#### Work to complete:
For the records below, output word for word the lines from the one with "This side of" up to and including the one with "分享时若对方未安装鸿蒙版河马". No pictures.

[Opening Data section]

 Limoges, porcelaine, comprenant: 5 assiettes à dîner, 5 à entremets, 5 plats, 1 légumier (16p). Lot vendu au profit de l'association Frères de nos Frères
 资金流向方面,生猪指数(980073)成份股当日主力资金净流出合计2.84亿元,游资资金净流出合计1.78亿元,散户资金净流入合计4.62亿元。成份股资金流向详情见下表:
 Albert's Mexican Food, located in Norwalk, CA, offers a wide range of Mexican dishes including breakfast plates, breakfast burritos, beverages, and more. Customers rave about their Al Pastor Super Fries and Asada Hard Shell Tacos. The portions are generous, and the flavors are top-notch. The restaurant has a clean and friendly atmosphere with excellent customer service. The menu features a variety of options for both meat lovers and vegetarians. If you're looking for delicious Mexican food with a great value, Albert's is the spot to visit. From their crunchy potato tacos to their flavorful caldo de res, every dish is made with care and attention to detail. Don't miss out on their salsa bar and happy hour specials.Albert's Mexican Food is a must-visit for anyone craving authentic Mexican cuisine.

[Closing Data section]
[Opening Data section]

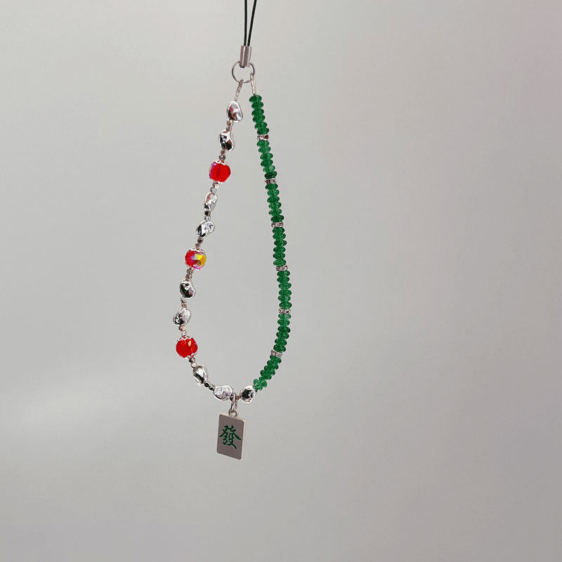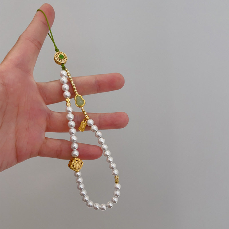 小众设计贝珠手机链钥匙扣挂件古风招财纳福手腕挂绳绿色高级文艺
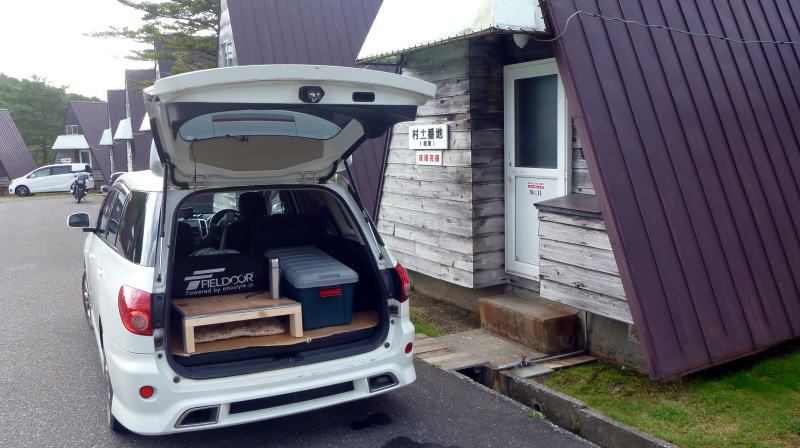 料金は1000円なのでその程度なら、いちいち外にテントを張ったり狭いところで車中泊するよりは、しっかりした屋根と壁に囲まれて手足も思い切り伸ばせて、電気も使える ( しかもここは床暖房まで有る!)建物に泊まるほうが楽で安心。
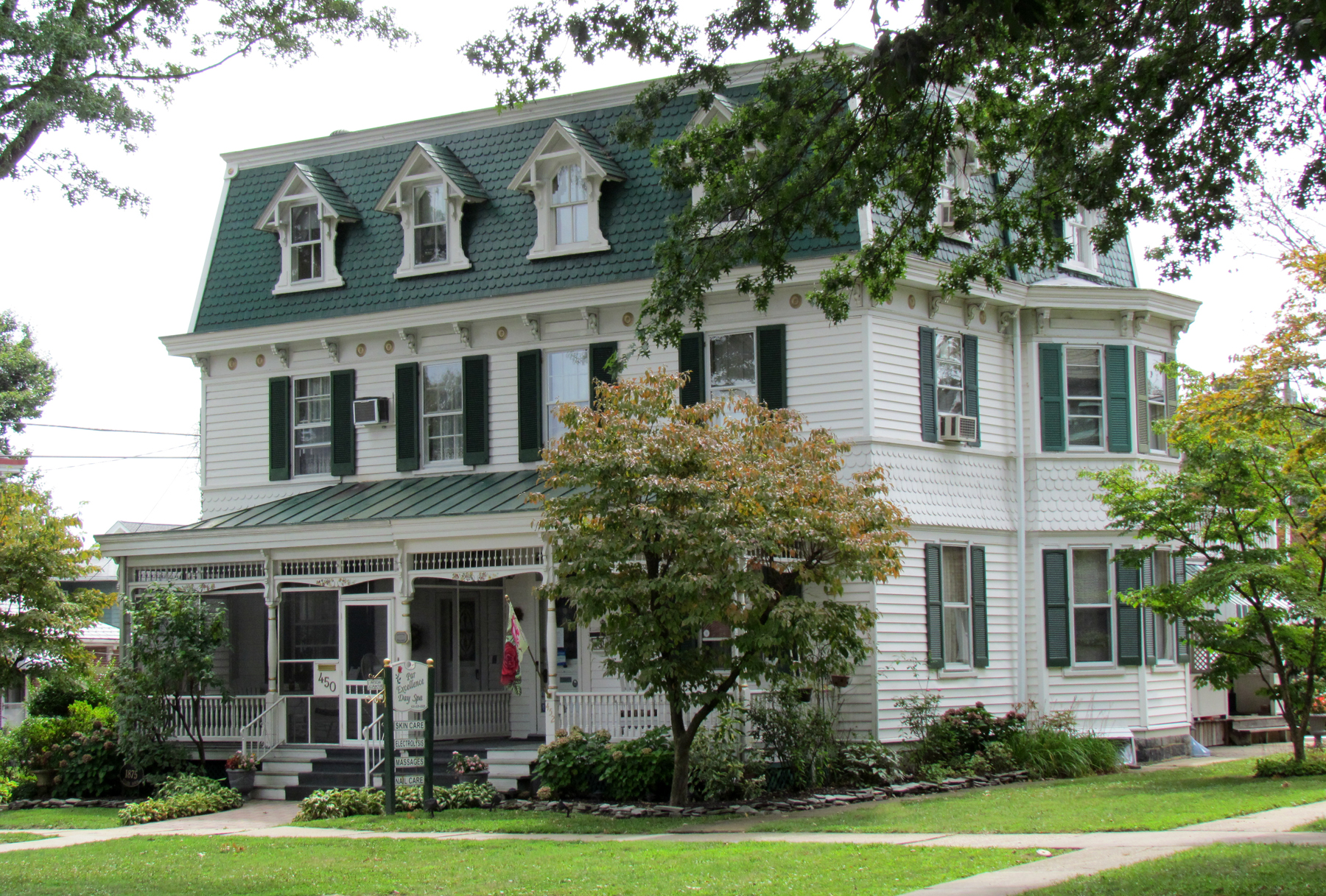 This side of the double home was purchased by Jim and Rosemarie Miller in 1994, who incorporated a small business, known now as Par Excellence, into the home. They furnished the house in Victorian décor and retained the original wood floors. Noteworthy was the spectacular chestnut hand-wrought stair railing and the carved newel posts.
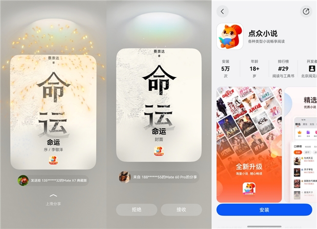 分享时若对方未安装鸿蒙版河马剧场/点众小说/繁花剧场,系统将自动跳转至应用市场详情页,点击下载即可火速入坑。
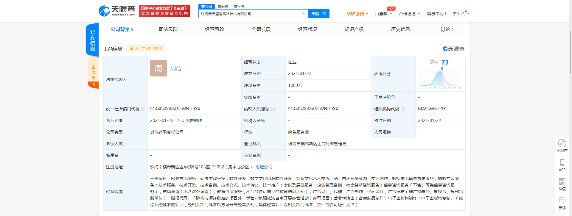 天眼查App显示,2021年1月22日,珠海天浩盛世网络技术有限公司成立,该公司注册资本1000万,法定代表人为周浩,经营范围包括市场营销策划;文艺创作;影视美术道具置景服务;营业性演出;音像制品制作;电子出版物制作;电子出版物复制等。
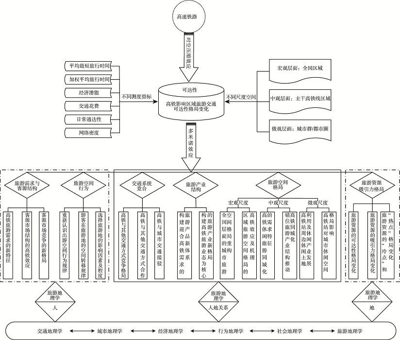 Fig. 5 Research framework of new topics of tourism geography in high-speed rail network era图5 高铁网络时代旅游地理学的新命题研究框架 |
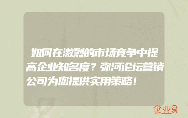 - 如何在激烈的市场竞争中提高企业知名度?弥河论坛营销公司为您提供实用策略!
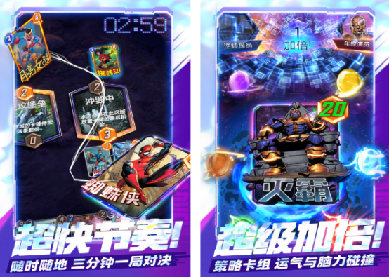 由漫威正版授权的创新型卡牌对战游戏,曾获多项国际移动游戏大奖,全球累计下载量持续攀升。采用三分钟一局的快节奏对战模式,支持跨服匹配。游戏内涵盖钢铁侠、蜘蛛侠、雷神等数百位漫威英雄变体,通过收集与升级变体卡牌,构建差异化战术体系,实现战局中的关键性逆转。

[Closing Data section]

#### Solution:
 This side of the double home was purchased by Jim and Rosemarie Miller in 1994, who incorporated a small business, known now as Par Excellence, into the home. They furnished the house in Victorian décor and retained the original wood floors. Noteworthy was the spectacular chestnut hand-wrought stair railing and the carved newel posts.
 分享时若对方未安装鸿蒙版河马剧场/点众小说/繁花剧场,系统将自动跳转至应用市场详情页,点击下载即可火速入坑。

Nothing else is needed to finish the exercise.